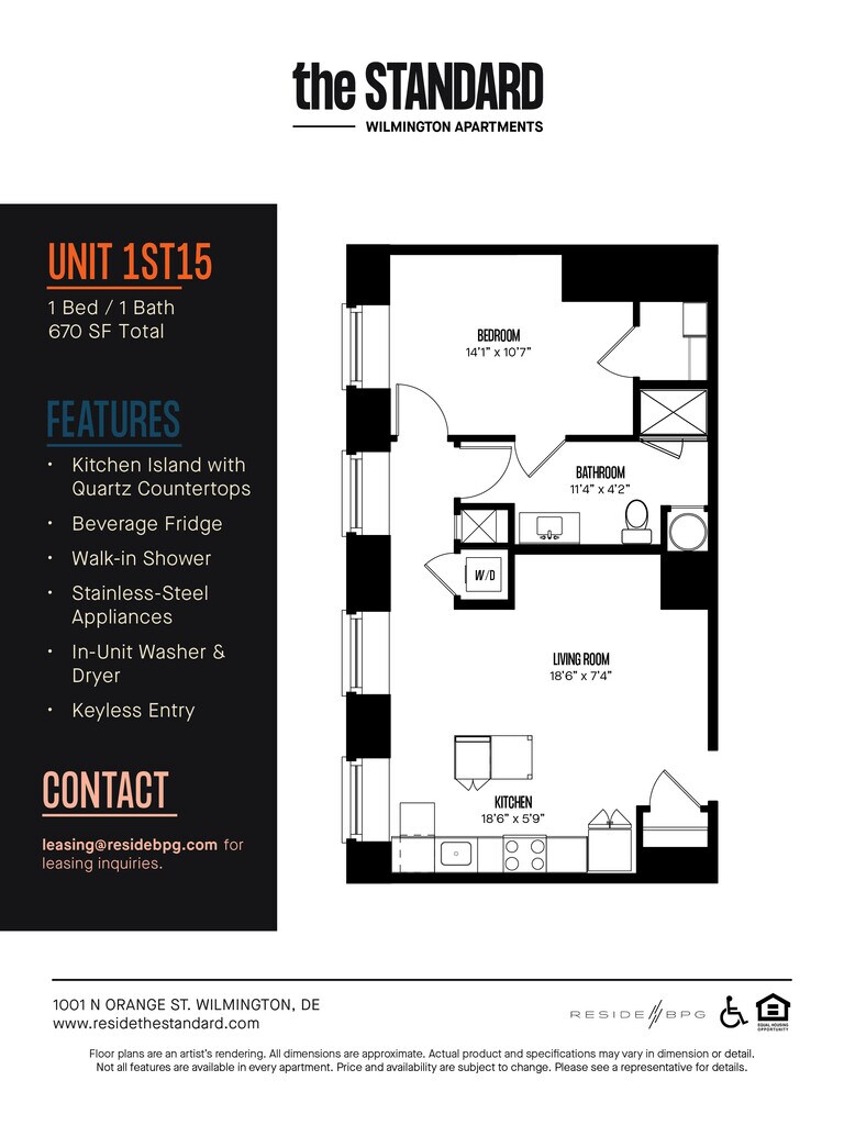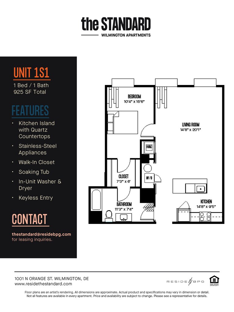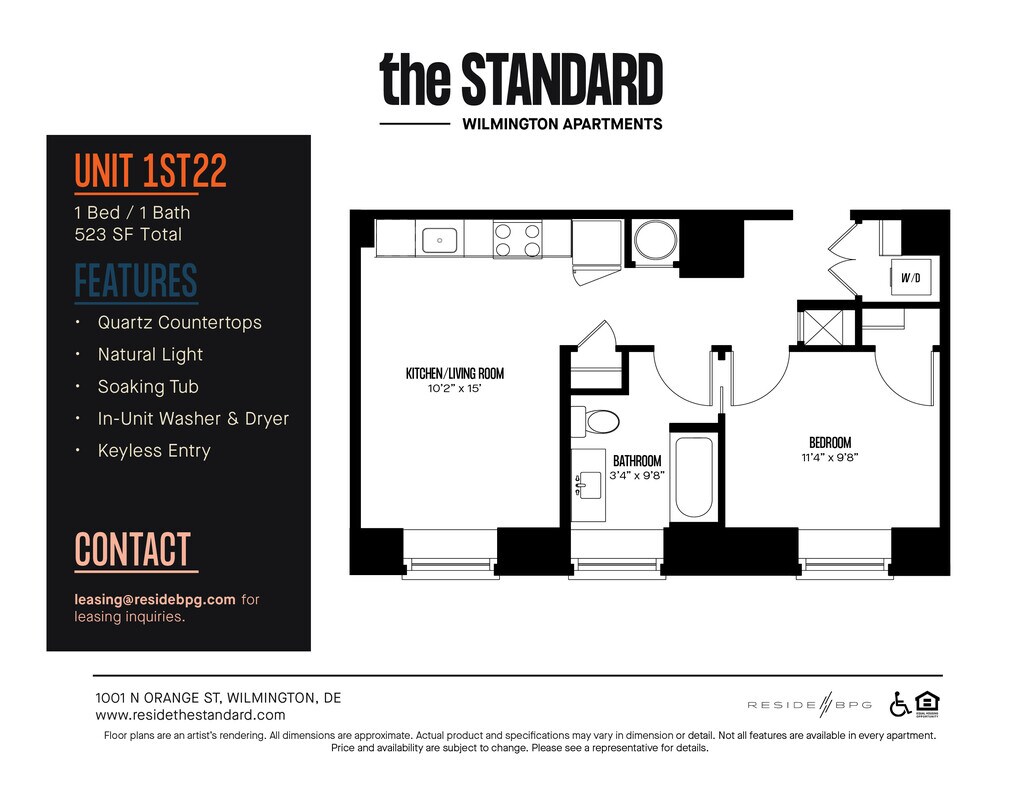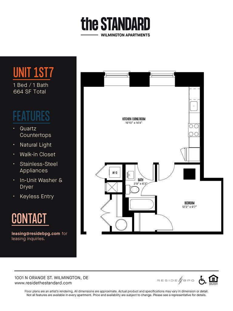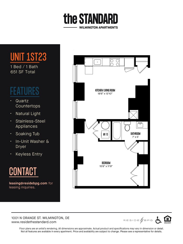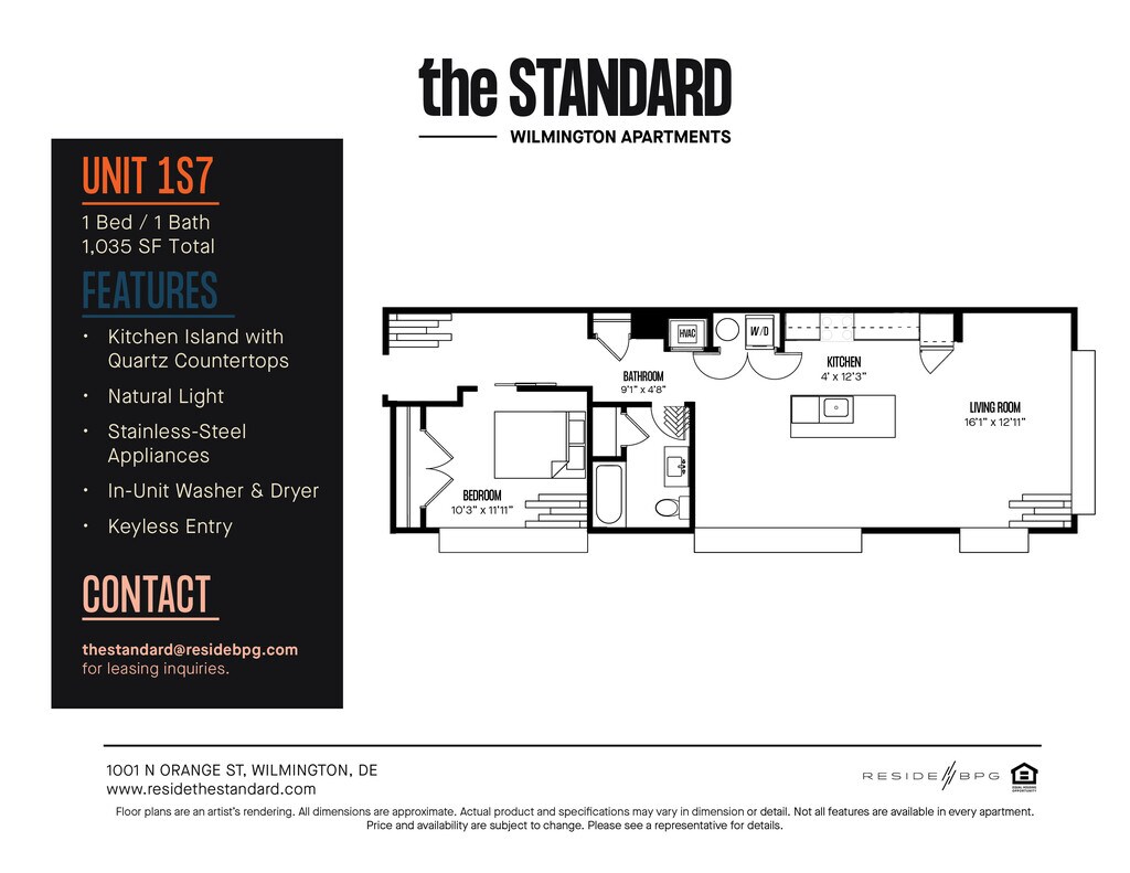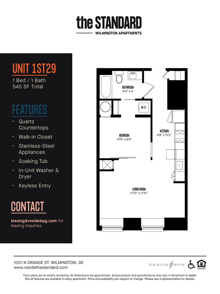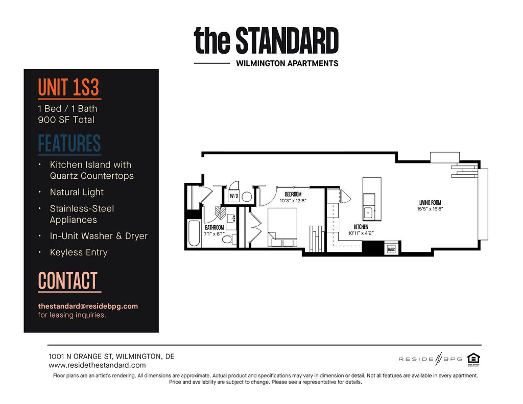 Aptly named The Standard, the new multifamily residential component sets the new standard for apartment living in Wilmington. Residents can take advantage of the various onsite amenities such as a co-working space, boutique fitness center, movie theater, and on-site dining in addition to new amenities like a private rooftop balcony and a resident clubroom perfect for entertaining. The pet-friendly community features a dog-washing station, secure package receiving, 24/7 security, and onsite ResideBPG property management and maintenance. Studio, one-, two-, and three-bedroom apartment homes at The Standard showcases high-end finishes unique to this community like continuous quartz countertops and backsplashes, herringbone tile bathroom flooring, and two-tone upper and lower kitchen cabinets. Other apartment features include kitchen islands and peninsulas, spacious floor plans, stainless-steel appliances, keyless entry, and in-unit washer & dryer.
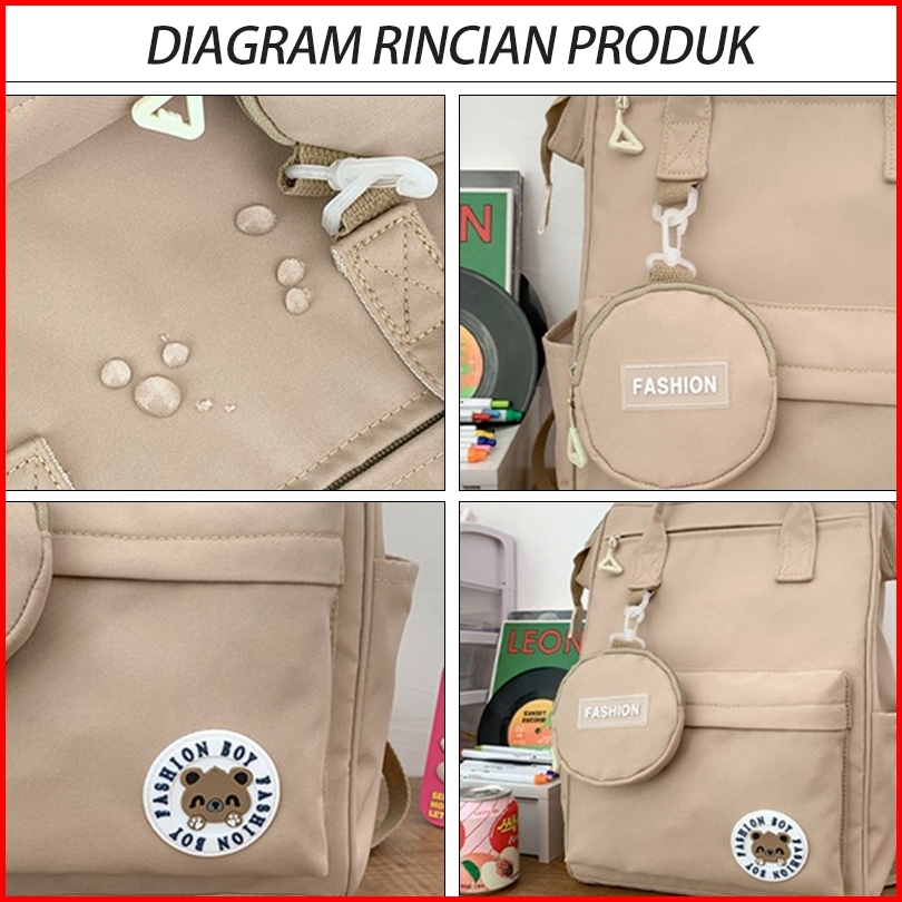 Nine Stars Ransel Waterproof Wanita Kekinian Tas Cewek Korean Style Backpack Sekolah Wanita
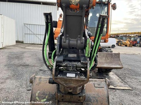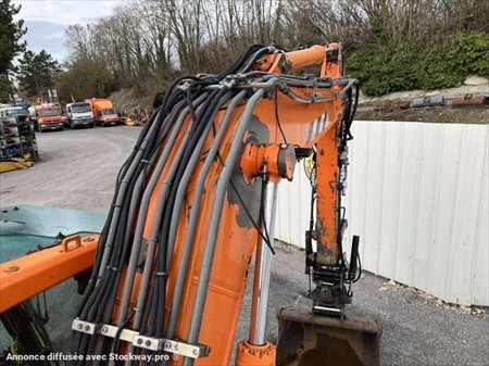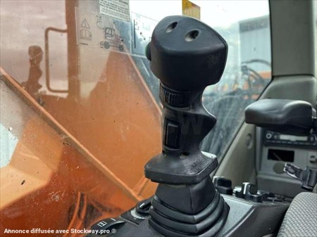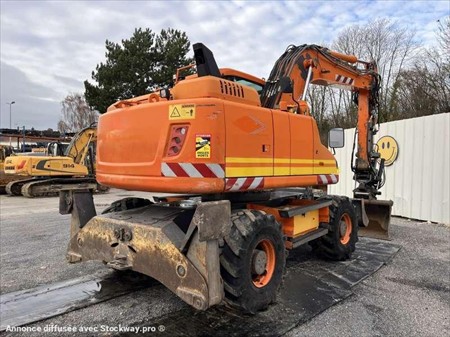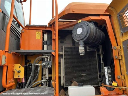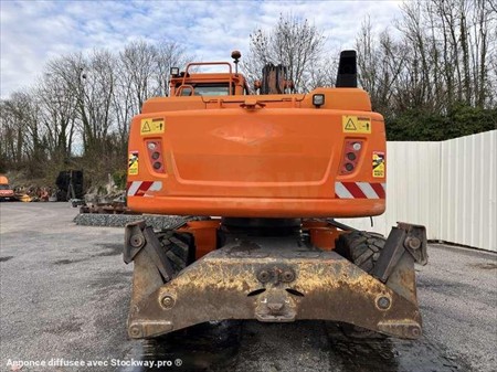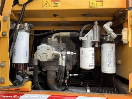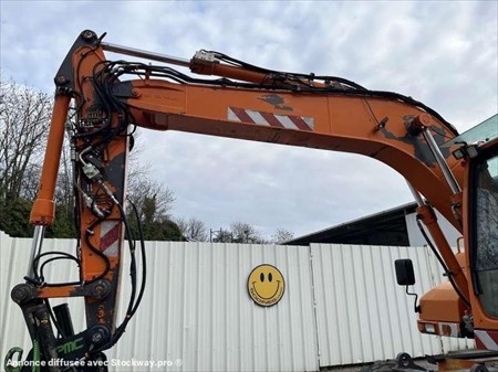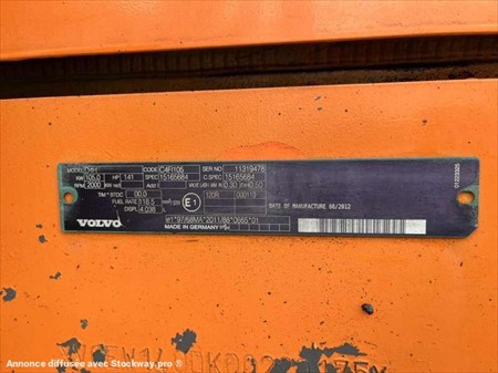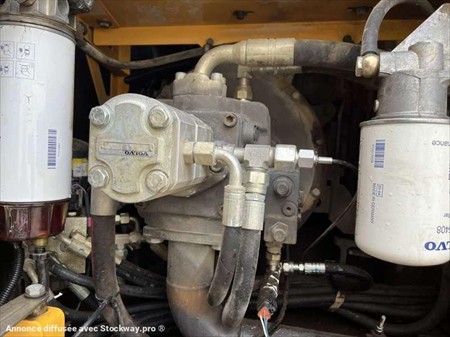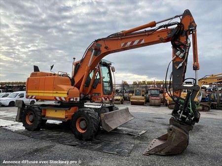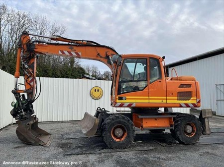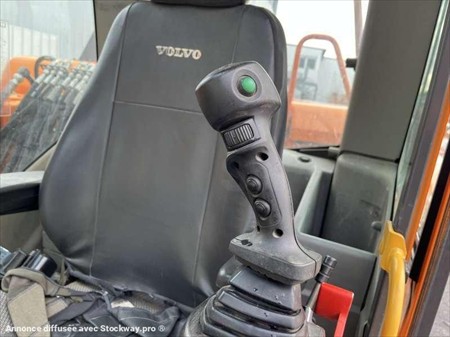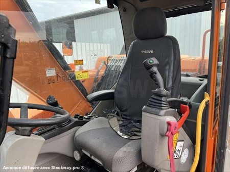 Cette pelle sur pneus de la marque Volvo est le modèle EW140D de 2012. Longueur : 7 M 50 Largeur : 2 M 55 Hauteur : 3 M 17 Poids : 16.850 kg. Taille pneus : 445/70 R 19.5 Flèche monobloc Clapets de sécurité Tilt Rotator Lignes supplémentaires Lame 2 patins Graissage automatique Caméra de recul Climatisation Moteur Volvo D4H de 105 kW (141 ch) 17.033 Heures

# Brief
Your response must reproduce every line of the data exactly, with images omitted.

# Written answer
 Aptly named The Standard, the new multifamily residential component sets the new standard for apartment living in Wilmington. Residents can take advantage of the various onsite amenities such as a co-working space, boutique fitness center, movie theater, and on-site dining in addition to new amenities like a private rooftop balcony and a resident clubroom perfect for entertaining. The pet-friendly community features a dog-washing station, secure package receiving, 24/7 security, and onsite ResideBPG property management and maintenance. Studio, one-, two-, and three-bedroom apartment homes at The Standard showcases high-end finishes unique to this community like continuous quartz countertops and backsplashes, herringbone tile bathroom flooring, and two-tone upper and lower kitchen cabinets. Other apartment features include kitchen islands and peninsulas, spacious floor plans, stainless-steel appliances, keyless entry, and in-unit washer & dryer.
 Nine Stars Ransel Waterproof Wanita Kekinian Tas Cewek Korean Style Backpack Sekolah Wanita
 Cette pelle sur pneus de la marque Volvo est le modèle EW140D de 2012. Longueur : 7 M 50 Largeur : 2 M 55 Hauteur : 3 M 17 Poids : 16.850 kg. Taille pneus : 445/70 R 19.5 Flèche monobloc Clapets de sécurité Tilt Rotator Lignes supplémentaires Lame 2 patins Graissage automatique Caméra de recul Climatisation Moteur Volvo D4H de 105 kW (141 ch) 17.033 Heures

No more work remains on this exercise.